#### PROMPT:
Without including any images, please transcribe all the lines below exactly.

#### DATA PROVIDED:
***
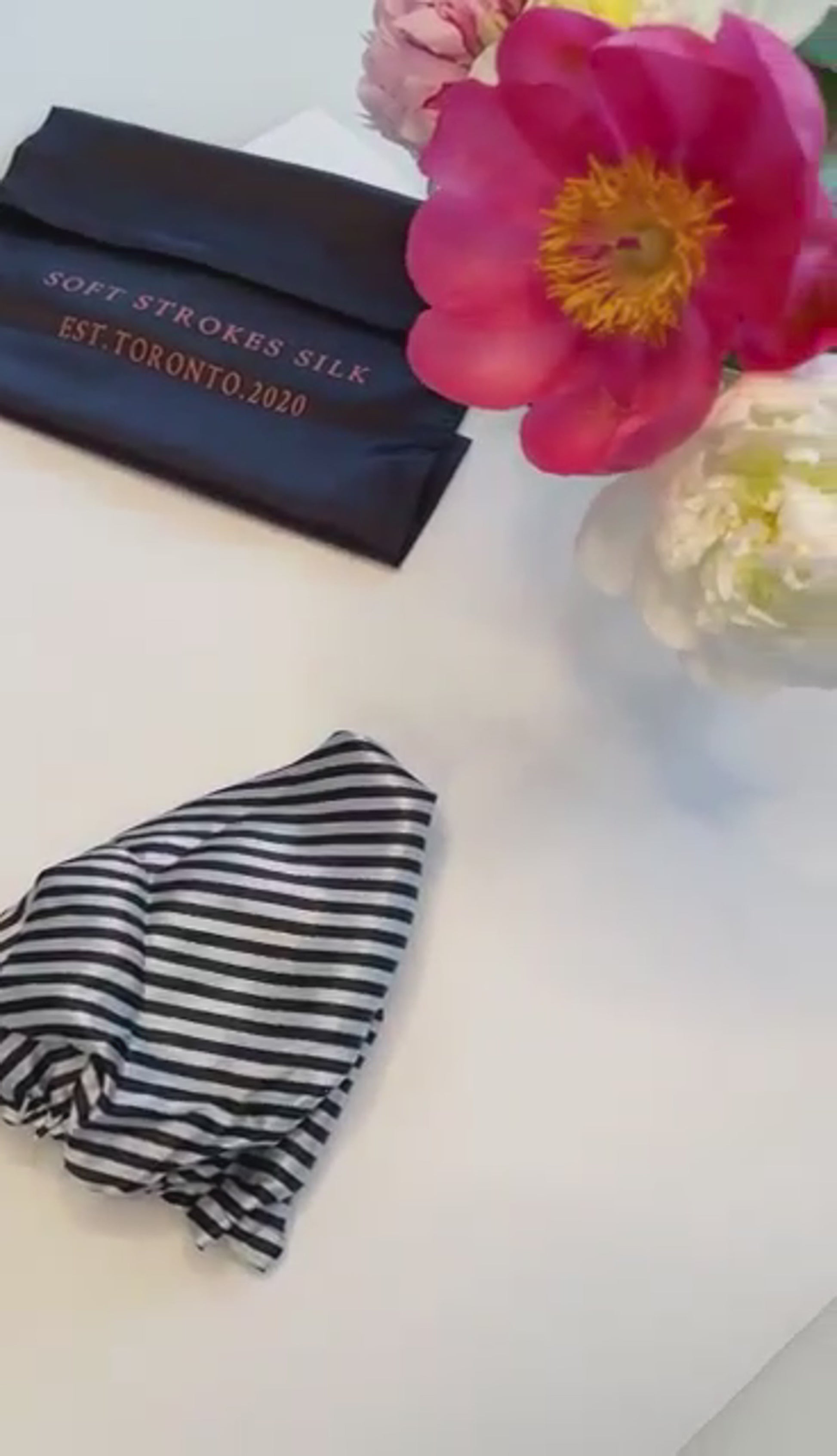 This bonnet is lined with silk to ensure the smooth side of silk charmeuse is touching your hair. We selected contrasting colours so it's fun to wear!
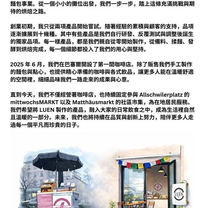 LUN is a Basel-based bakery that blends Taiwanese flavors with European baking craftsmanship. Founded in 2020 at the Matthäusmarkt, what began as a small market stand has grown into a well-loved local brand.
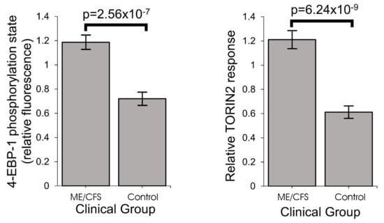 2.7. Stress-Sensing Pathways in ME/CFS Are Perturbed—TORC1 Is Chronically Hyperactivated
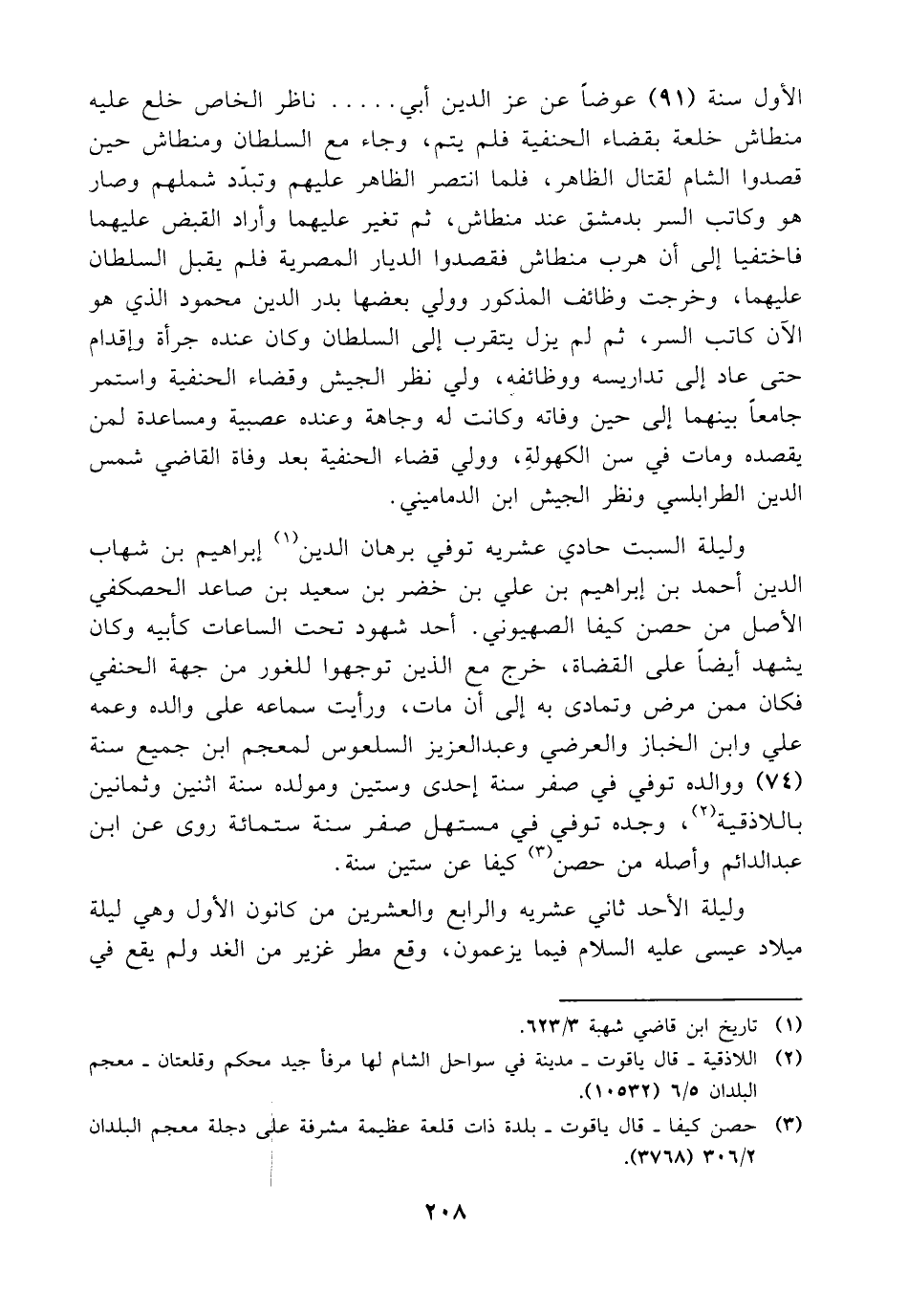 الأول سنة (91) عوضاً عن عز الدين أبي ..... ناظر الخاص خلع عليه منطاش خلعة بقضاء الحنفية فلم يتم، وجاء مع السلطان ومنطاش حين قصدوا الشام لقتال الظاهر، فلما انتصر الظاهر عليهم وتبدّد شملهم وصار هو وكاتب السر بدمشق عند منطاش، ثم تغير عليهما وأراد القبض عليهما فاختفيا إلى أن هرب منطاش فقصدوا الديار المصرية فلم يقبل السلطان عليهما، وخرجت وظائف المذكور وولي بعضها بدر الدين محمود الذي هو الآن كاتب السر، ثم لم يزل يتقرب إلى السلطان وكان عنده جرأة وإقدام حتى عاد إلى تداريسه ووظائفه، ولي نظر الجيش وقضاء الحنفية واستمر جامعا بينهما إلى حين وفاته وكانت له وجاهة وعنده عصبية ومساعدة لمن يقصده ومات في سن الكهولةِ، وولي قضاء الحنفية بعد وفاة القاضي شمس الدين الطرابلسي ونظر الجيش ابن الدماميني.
***
#### TASK RESULT:
 This bonnet is lined with silk to ensure the smooth side of silk charmeuse is touching your hair. We selected contrasting colours so it's fun to wear!
 LUN is a Basel-based bakery that blends Taiwanese flavors with European baking craftsmanship. Founded in 2020 at the Matthäusmarkt, what began as a small market stand has grown into a well-loved local brand.
 2.7. Stress-Sensing Pathways in ME/CFS Are Perturbed—TORC1 Is Chronically Hyperactivated
 الأول سنة (91) عوضاً عن عز الدين أبي ..... ناظر الخاص خلع عليه منطاش خلعة بقضاء الحنفية فلم يتم، وجاء مع السلطان ومنطاش حين قصدوا الشام لقتال الظاهر، فلما انتصر الظاهر عليهم وتبدّد شملهم وصار هو وكاتب السر بدمشق عند منطاش، ثم تغير عليهما وأراد القبض عليهما فاختفيا إلى أن هرب منطاش فقصدوا الديار المصرية فلم يقبل السلطان عليهما، وخرجت وظائف المذكور وولي بعضها بدر الدين محمود الذي هو الآن كاتب السر، ثم لم يزل يتقرب إلى السلطان وكان عنده جرأة وإقدام حتى عاد إلى تداريسه ووظائفه، ولي نظر الجيش وقضاء الحنفية واستمر جامعا بينهما إلى حين وفاته وكانت له وجاهة وعنده عصبية ومساعدة لمن يقصده ومات في سن الكهولةِ، وولي قضاء الحنفية بعد وفاة القاضي شمس الدين الطرابلسي ونظر الجيش ابن الدماميني.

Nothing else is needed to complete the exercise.